CN111768787A

CN111768787A - Multifunctional auxiliary audio-visual method and system

Info

Publication number: CN111768787A
Application number: CN202010592121.5A
Authority: CN
Inventors: 张龙杰; 孙涛; 王诚成; 邓博渊; 刘玄冰; 赵祖星; 刘厚君; 林衍; 刘子谦; 李浩杰
Original assignee: Naval Aeronautical University
Current assignee: Naval Aeronautical University
Priority date: 2020-06-24
Filing date: 2020-06-24
Publication date: 2020-10-13

Abstract

The invention discloses a multifunctional auxiliary audio-visual method, which comprises the following steps: acquiring first voice signals acquired by voice acquisition modules in at least three audio-visual acquisition systems, and acquiring video signals acquired by video acquisition modules of at least three audio-visual acquisition systems; acquiring a second voice signal acquired by a voice acquisition module in the audio-visual AR system; analyzing the first voice signal and the second voice signal, and comparing the high-frequency component ratio of the first voice signal with a preset threshold value to obtain an analysis result; processing the first voice signal and the second voice signal according to the analysis result to obtain a processing result; and controlling an AR display module in the audio-visual AR system to display the processing result. The voice signal acquired by the voice acquisition module is processed and the processing result is displayed through the sound source positioning and voice character conversion technology, so that the problem that a person with hearing impairment cannot hear dangerous warning of a blind area in the visual field or can not talk with people is solved.

Description

Multifunctional auxiliary audio-visual method and system

Technical Field

The invention relates to the field of augmented reality, in particular to a multifunctional auxiliary audio-visual method and a multifunctional auxiliary audio-visual system.

Background

People with hearing impairment often have a lot of difficulties and dangers in life, for example, people who talk with the hearing impairment or people who walk on the road where vehicles come and go have some troubles or dangers, and the life dilemma brought by the hearing impairment is a problem to be solved.

With the progress of science and technology, many high-tech products appear in our lives, and products for solving hearing-impaired people are also endless, for example, hearing aids which we often see now bring serious burden to ears if the hearing aids are worn for a long time, and the hearing aids often introduce some noisy noises, so that the hearing-impaired people cannot judge dangerous directions or hear the conversation of the other party clearly.
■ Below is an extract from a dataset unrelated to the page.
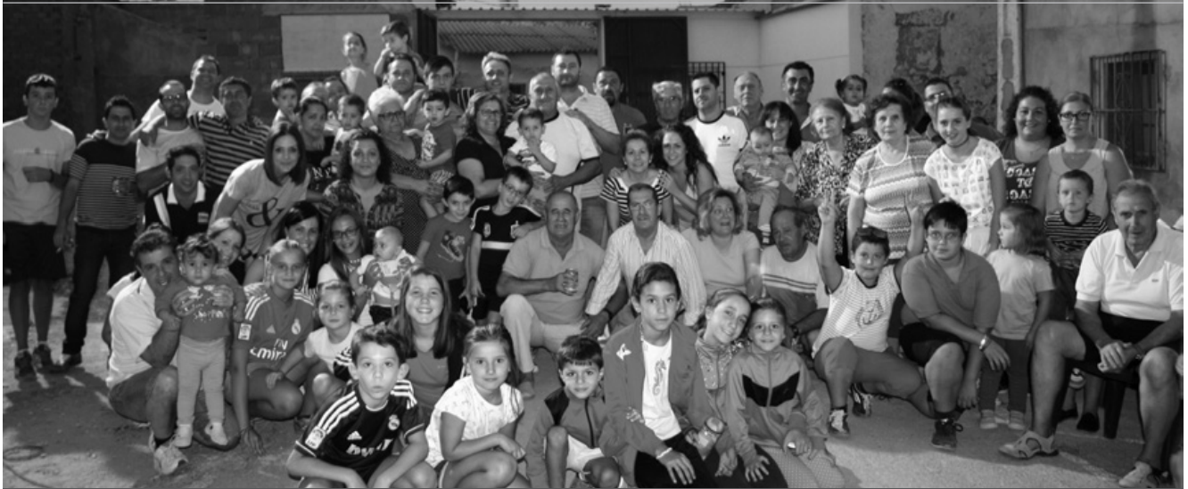
Los lobilleros posan alegres durante su fiesta agosteña

The problem that an intelligent multifunctional auxiliary audio-visual system is needed to be solved urgently is provided.

Disclosure of Invention

The invention aims to provide a multifunctional auxiliary audio-visual method and a multifunctional auxiliary audio-visual system, which solve the problem that people with hearing impairment cannot judge dangerous directions or hear the conversation of the other party clearly at present.

In order to achieve the purpose, the invention adopts the technical scheme that:

a method of multifunctional assisted audio visual comprising the steps of:

the method comprises the steps of firstly, acquiring first voice signals acquired by voice acquisition modules in at least three audio-visual acquisition systems, and acquiring video signals acquired by video acquisition modules of at least three audio-visual acquisition systems;

secondly, acquiring a second voice signal acquired by a voice acquisition module in the audio-visual AR system;

thirdly, analyzing the first voice signal and the second voice signal, and comparing the high-frequency component proportion of the first voice signal with a preset threshold value to obtain an analysis result;

fourthly, processing the first voice signal and the second voice signal according to the analysis result to obtain a processing result;

and fifthly, controlling an AR display module in the audio-visual AR system to display a processing result.
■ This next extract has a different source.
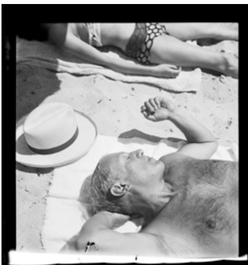
Dora Maar, Picasso, plage de Mougins , Centre Pompidou - Musée national d'art moderne © ADAGP, Paris © Centre Pompidou, MNAM-CCI, Dist. RMN-Grand Palais / image Centre Pompidou, MNAM-CCI © Succession Picasso 2019

As an embodiment, the ratio of the high-frequency components of the first voice signal exceeds the preset threshold, the position of the sound source is located according to a sound source location algorithm, and the video signal superposition warning character collected by a video collection module close to the position of the sound source is called as a processing result.

As an embodiment, when the ratio of the high-frequency components of the first voice signal is lower than the preset threshold and the second voice signal is collected, the voice signal is converted into words according to an online voice recognition algorithm as a processing result.
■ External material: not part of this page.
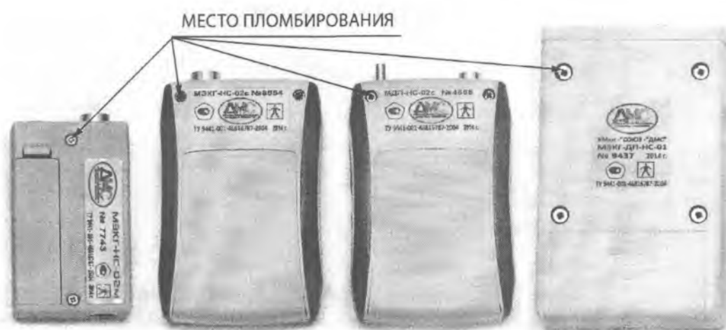
Рисунок 3 - место пломбирования мониторов Комплекта КМкн-«Союз-«ДМС».

Furthermore, the sound source positioning algorithm is to monitor the first voice signal of the voice acquisition module in each audio-visual acquisition system, and position the sound source by using the time difference of the first voice signal acquired by the voice acquisition module in each audio-visual acquisition system.

Further, the preset threshold value is 10% -20%.

The invention also discloses a multifunctional auxiliary audio-visual system, which comprises a central processing module, a power supply module, at least three audio-visual acquisition systems and an audio-visual AR system, wherein the audio-visual acquisition systems comprise a voice acquisition module and a video acquisition module, the voice acquisition module and the video acquisition module are in communication connection with the central processing module, the audio-visual AR system comprises a voice acquisition module and an AR display module, the voice acquisition module and the AR display module are in communication connection with the central processing module, and the battery module is respectively in electrical connection with the central processing module, the at least three audio-visual acquisition systems and the audio-visual AR system.

Further, the at least three audiovisual acquisition systems are arranged non-colinear.

Further, the audiovisual AR system is disposed in front of the head.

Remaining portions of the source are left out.